Russia celebrates Orthodox Christmas respecting COVID-19 precautionary measures

Russian Christians have celebrated Christmas Eve Mass this Wednesday, according to the Julian calendar that the Orthodox Church follows, and also according to the new normal with masks and social distance.

“The authorities that control the situation of COVID-19 have considered that churches are not dangerous areas, because here we respect precautionary measures much better than in public transport or in stores. Social distance is respected and people carry masks. “

Justifies the rector of the Santa Mártir Tatiana chapel, located a few meters from the Kremlin, in Moscow.

The hundreds of faithful who have come to this chapel wear special masks and the ground is marked to maintain social distance.

All of them feel safe as stated by Daliil Sidorov, a parishioner.

“The risk of contamination is no greater than in a store. We still remember Easter when the churches were closed and it was very hard for us.”

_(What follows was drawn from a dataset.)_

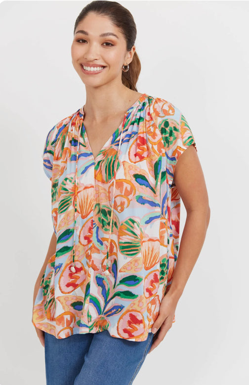 An easy-wear staple with a soft subtle shimmer, the Baja Top is designed for relaxed summer days. Featuring a V-neckline with shell charm-tipped ties, gentle gathering, flutter sleeves, and a swing hem, it offers a flattering, floaty silhouette.

For Elena, faith is stronger than everything.

“You come here and you feel protected, let’s hope the higher powers protect us.”

“Those who do not believe in COVID-19, do not believe in God”

The Russian Orthodox Church strongly advised older faithful and those at risk to stay home and watch Christmas Masses on television.

His position was very strong, as highlighted by our correspondent Galina Polonskaya.

“The head of the Russian Orthodox Church urged his co-religionists to respect all sanitary measures and equated those who do not believe in COVID-19 with those who do not believe in God.”

Vladimir Putin, at mass without a mask

Vladimir Putin attended the mass of the Rooster on Wednesday night in a small 13th century chapel in the Veliky Novgorod region; the Russian president, who has not yet been vaccinated against COVID, was not wearing a mask.

And this Thursday he congratulated his compatriots on Orthodox Christmas, the most important religious holiday in this country.

Putin, who admitted to being baptized in 1952 secretly from his communist father, called on believers to pray in the hope that God would make his wishes come true.

That faith in the miracle “is the star that sustains us in the most difficult stages,” Putin declared.

That faith in the miracle “is the star that illuminates our vital path and that sustains us in the most difficult stages,” he said after attending the ecclesiastical service at the Church of San Nicolás de Lipno, located on the island of the same name, in the Lake Ilmen, and which he presented with an icon of the Almighty Lord.

The head of the Kremlin has a tradition of receiving Christmas every year in a different place and this time he chose this church of St. Nicholas which was the first stone temple to be erected in Russia after the Mongol invasion, specifically in 1292. It was destroyed during World War II and restored in 1956.

As usual, Putin had words of support for the Russian Orthodox Church, which he praised for fostering interreligious dialogue and promoting family values.

The Christmas holidays in Russia began on December 31 and will end on January 10, although believers will still celebrate the Epiphany in mid-January, which commemorates the baptism of Jesus Christ with the traditional baths in the icy waters of ponds, lakes and rivers.

More than 70% of the inhabitants of this country consider themselves Orthodox, but the number of practitioners is much lower. According to polls, half of Russians do not believe in God, but consider being Orthodox synonymous with being Russian.